A ‘quite large’ increase in quality of life.

Perhaps more importantly, a secondary analysis assessed quality of life with the Kansas City Cardiomyopathy Questionnaire (KCCQ) overall summary score, which showed after 3 months a 5.5-point average increased improvement among patients in the intervention arm, compared with controls. Score increases of 5 of more points on the KCCQ represent clinically meaningful changes.

This average, incremental KCCQ score improvement was “quite large relative to what we typically see in placebo-controlled trials of effective drugs,” said Dr. Felker, professor of medicine at Duke University, Durham, N.C., and director of cardiovascular research at the Duke Clinical Research Institute. If a similar magnitude change in KCCQ was associated with a drug treatment “we would say it was an incredibly large signal in terms of quality of life, so I think the patients are telling us that [the intervention] is making a clinically important difference.”

But Dr. Felker cautioned that the study was not blinded, raising the possibility that the change in quality of life could have been partially explained by “patients feeling more engaged about doing something for their health.”

His report omitted data on the medication adherence facet of the study, which will come out in a subsequent report, raising the possibility that some of the quality of life benefit as well as the ability of patients to boost their step count was related to more consistent treatment with their prescribed medications, but Dr. Felker discounted this possibility.

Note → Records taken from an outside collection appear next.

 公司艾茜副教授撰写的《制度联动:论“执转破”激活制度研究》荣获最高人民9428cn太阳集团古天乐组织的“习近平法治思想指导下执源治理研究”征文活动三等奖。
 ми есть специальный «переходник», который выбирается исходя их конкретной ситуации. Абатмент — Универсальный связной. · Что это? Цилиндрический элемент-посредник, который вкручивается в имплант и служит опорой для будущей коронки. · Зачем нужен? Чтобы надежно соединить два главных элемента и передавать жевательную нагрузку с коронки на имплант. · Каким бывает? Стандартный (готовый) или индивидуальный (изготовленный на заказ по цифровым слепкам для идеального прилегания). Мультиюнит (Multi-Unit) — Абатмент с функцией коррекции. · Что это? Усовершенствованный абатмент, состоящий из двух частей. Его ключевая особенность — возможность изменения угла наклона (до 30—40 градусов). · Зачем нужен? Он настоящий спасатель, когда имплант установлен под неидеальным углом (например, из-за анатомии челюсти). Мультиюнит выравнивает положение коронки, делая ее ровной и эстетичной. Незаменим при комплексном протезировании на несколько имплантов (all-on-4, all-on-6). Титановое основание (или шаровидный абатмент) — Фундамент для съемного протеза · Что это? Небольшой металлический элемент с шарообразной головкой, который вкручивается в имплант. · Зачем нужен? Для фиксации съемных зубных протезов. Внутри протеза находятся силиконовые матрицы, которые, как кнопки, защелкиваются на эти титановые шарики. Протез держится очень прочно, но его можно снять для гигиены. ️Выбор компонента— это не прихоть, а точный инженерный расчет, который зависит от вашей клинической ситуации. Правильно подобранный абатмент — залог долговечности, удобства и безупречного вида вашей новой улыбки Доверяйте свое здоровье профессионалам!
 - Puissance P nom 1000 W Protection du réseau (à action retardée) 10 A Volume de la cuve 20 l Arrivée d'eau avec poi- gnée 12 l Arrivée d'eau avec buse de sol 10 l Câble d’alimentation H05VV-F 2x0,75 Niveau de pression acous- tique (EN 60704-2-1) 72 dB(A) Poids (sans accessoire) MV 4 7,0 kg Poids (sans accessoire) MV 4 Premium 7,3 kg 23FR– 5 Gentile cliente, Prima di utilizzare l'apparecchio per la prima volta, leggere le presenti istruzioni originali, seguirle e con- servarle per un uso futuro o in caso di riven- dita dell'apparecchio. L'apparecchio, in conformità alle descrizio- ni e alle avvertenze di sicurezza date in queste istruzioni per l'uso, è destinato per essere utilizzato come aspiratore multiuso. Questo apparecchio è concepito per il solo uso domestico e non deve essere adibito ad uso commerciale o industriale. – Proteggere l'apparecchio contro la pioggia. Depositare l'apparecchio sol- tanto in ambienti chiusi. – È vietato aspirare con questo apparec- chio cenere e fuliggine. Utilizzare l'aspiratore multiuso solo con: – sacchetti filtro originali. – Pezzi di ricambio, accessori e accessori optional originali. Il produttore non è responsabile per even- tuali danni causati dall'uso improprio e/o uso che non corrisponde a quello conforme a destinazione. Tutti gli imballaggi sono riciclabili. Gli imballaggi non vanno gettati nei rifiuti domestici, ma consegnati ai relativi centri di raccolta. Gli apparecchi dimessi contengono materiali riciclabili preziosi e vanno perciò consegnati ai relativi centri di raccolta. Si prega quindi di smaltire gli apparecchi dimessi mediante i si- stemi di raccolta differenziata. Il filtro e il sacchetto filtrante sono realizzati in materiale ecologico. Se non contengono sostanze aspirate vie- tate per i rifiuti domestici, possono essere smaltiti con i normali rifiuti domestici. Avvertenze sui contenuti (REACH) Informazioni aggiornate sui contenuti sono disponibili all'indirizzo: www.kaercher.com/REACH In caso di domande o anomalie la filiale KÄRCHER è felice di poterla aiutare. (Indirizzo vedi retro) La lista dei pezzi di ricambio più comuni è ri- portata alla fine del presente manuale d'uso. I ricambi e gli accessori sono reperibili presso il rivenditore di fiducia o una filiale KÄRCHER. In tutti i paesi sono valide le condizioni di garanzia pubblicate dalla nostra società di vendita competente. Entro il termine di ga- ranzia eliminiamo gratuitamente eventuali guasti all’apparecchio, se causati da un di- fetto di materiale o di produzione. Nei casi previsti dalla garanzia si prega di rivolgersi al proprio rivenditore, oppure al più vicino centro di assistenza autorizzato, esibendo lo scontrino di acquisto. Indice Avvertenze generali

“The adherence intervention was basically a digital tool that helped people better remember their medication regimen. While it is possible that this could have influenced the KCCQ data this seems quite unlikely to me,” he said in an interview.
 

‘Exercise is the new magic’

“Exercise is the new magic,” commented Mariann R. Piano, PhD, a professor at Vanderbilt University, Nashville, Tenn., and cochair of the session where Dr. Felker gave his report. “I love that the trial was pragmatic, randomized, and ran at six sites so the generalizability of the findings is really strong.” Dr. Piano also gave the study high marks for recruiting many African American patients, 47% of the study population, and its assessment of a patient-reported outcome, the KCCQ score.

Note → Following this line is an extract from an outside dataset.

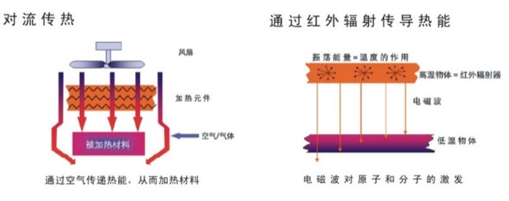 傳統(tǒng)熱風(fēng)固化系統(tǒng),需將空氣加熱至固化溫度,再通過(guò)熱對(duì)流及熱傳導(dǎo)的形式,將工件溫度提升。
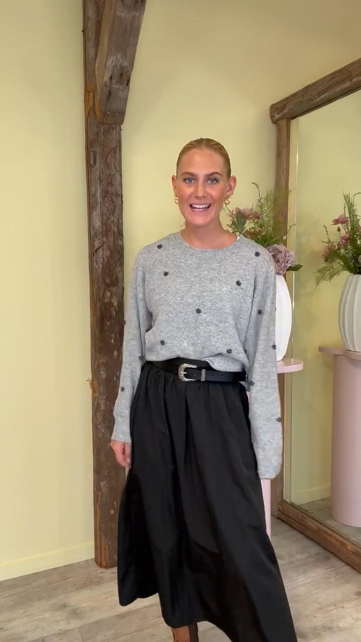 En fin strik fra JDY i en helt klassisk grå farve. Denne strik har fine perler på, som former små blomster - en super fin detalje! Strikken er helt nem at style, men giver samtidig lige lidt ekstra med de fine detaljer!

Patients enrolled in TARGET-HF-DM averaged 59 years of age, about a third were women, and two-thirds had heart failure with a reduced ejection fraction of 40% or less. Eighty percent of participants had New York Heart Association class II functional limitations, and a third also had atrial fibrillation. Their average serum level of the N-terminal of the prohormone brain natriuretic peptide at baseline was 1,309 pg/mL. Most patients were on standard heart failure and diabetes medications, with 88% receiving an ACE inhibitor or angiotensin-receptor blocker (in some cases coupled with sacubitril), 90% were on a beta-blocker, 50% were on a mineralocorticoid receptor antagonist, 54% were on insulin, 47% were on a biguanidine, 25% were on a sulfonylurea, and 7% were on a sodium-glucose cotransporter inhibitor. About half the patients also had an implantable cardioverter defibrillator.

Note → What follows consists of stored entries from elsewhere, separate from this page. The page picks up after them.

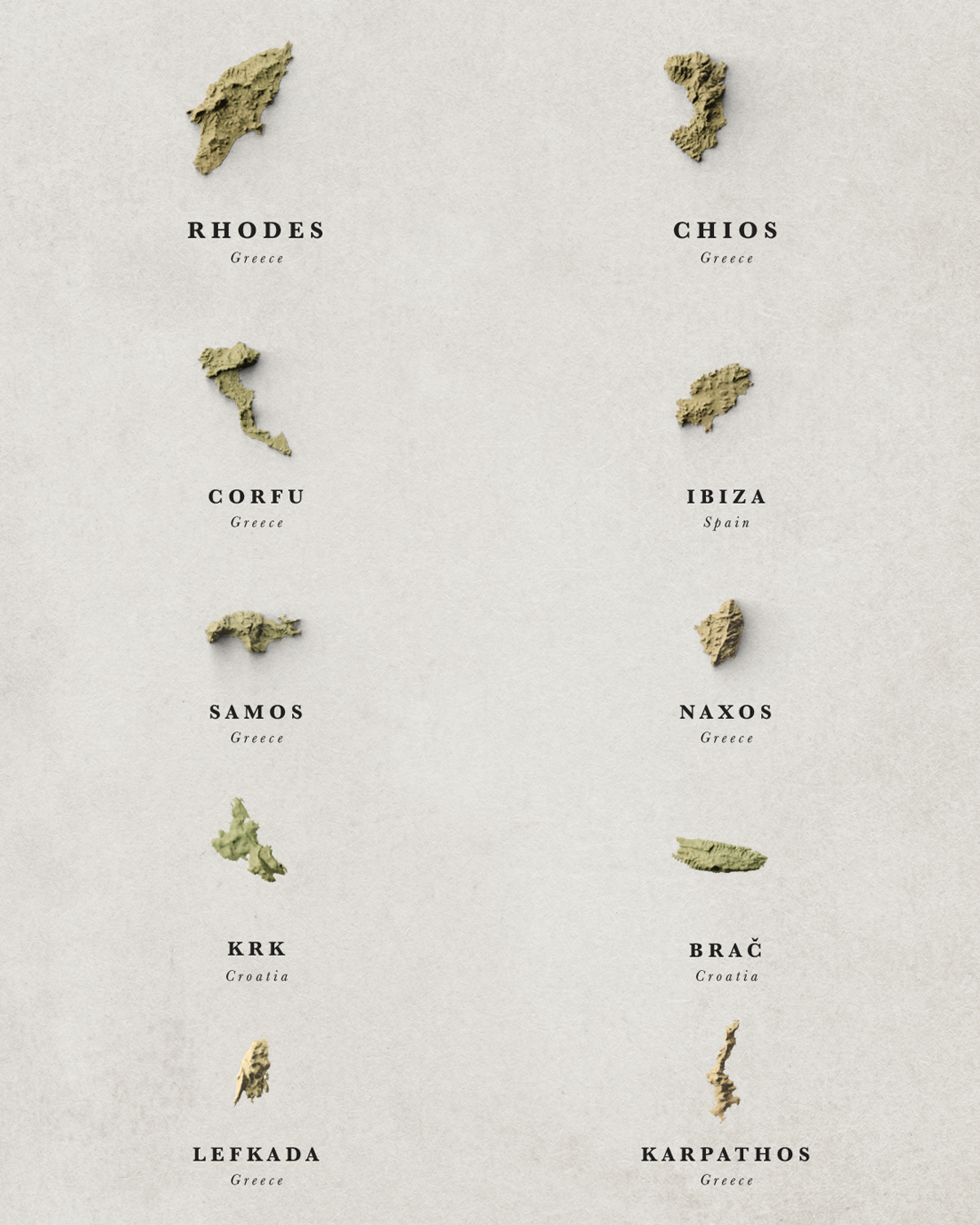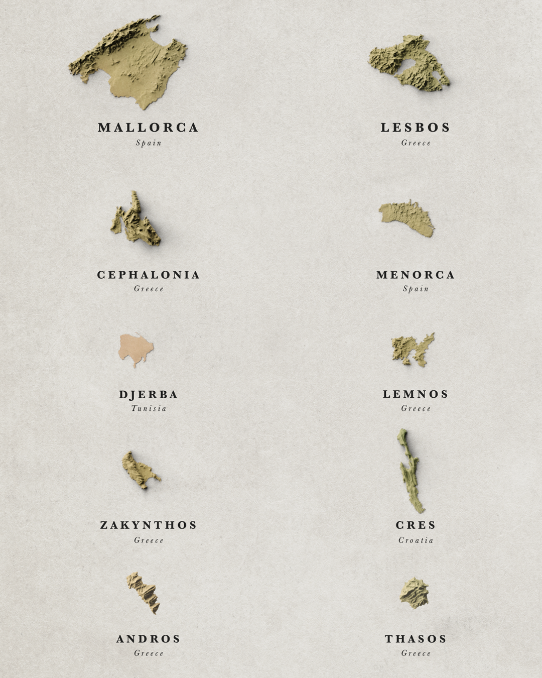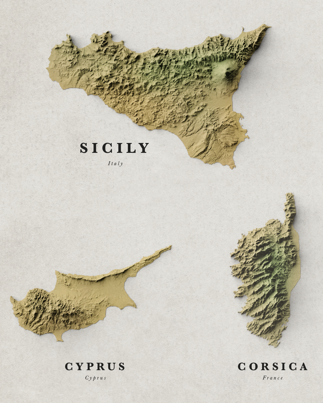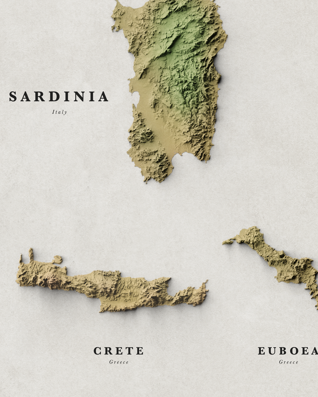 Shaded Relief Map of the 30 largest Mediterranean Islands (50x70 cm)
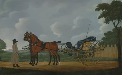Ein Gentleman mit seinem Paar von Bays, angespannt an eine Curricle(A Gentleman with His Pair of Bays Harnessed to a Curricle)John Cordrey |
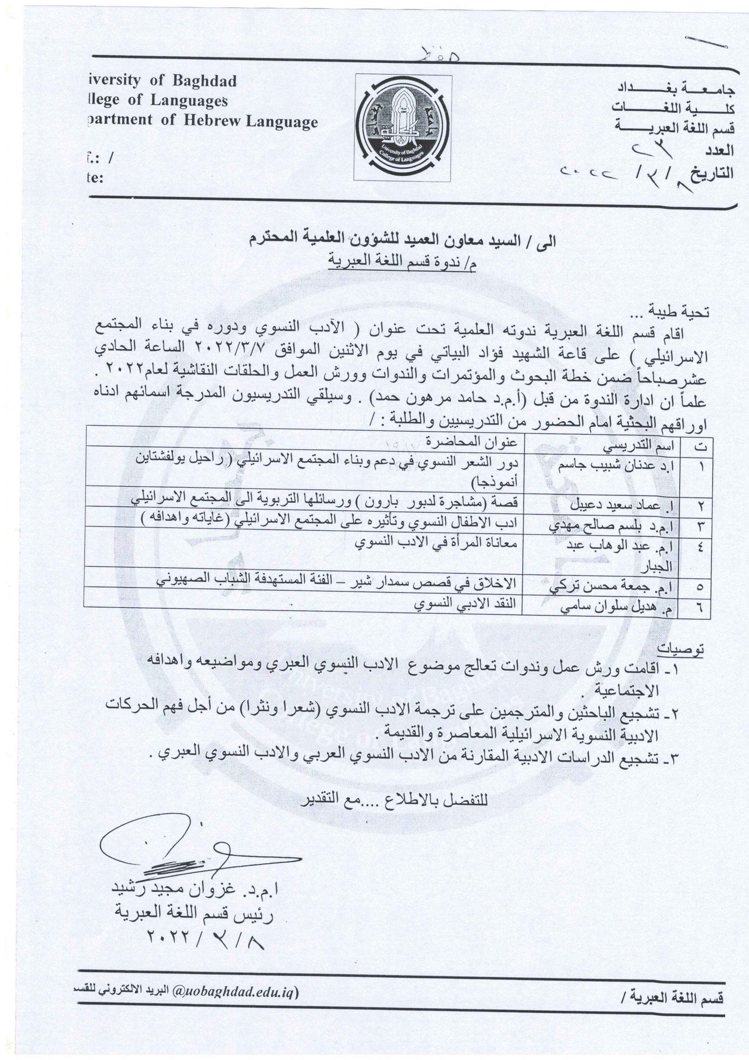 تتناول هذه الندوة دور الادبيات الاسرائيلية في ترسيخ القيم الاجتماعية التي تساهم في بناء المجتمع .

Dr. Felker acknowledged that the 313 average increment in steps per day among patients in the intervention group, compared with controls was modest, but it represented about a 10% increase from baseline among patients who in general had a very sedentary life. All patients had received at the start of the study guidelines from the American Heart Association on appropriate types and levels of physical activity for patients with heart failure and diabetes. The researcher previously published a description of the design and rationale of the study.

The study followed patients for an additional 3 months beyond the end of the intervention period, and the excess step count among people in the intervention arm persisted, although the between-group difference was no longer significant. The researchers also analyzed changes during the intervention phase in abnormal fatty acid metabolites among a subgroup of 110 patients and found that these levels tended to decline among those in the intervention group but not among the controls. These metabolites have been associated with disordered metabolism in patient with heart failure, so the observed reduced levels were consistent with the other outcomes. “The signals all went in the direction of reduced metabolic dysregulation,” said Dr. Felker.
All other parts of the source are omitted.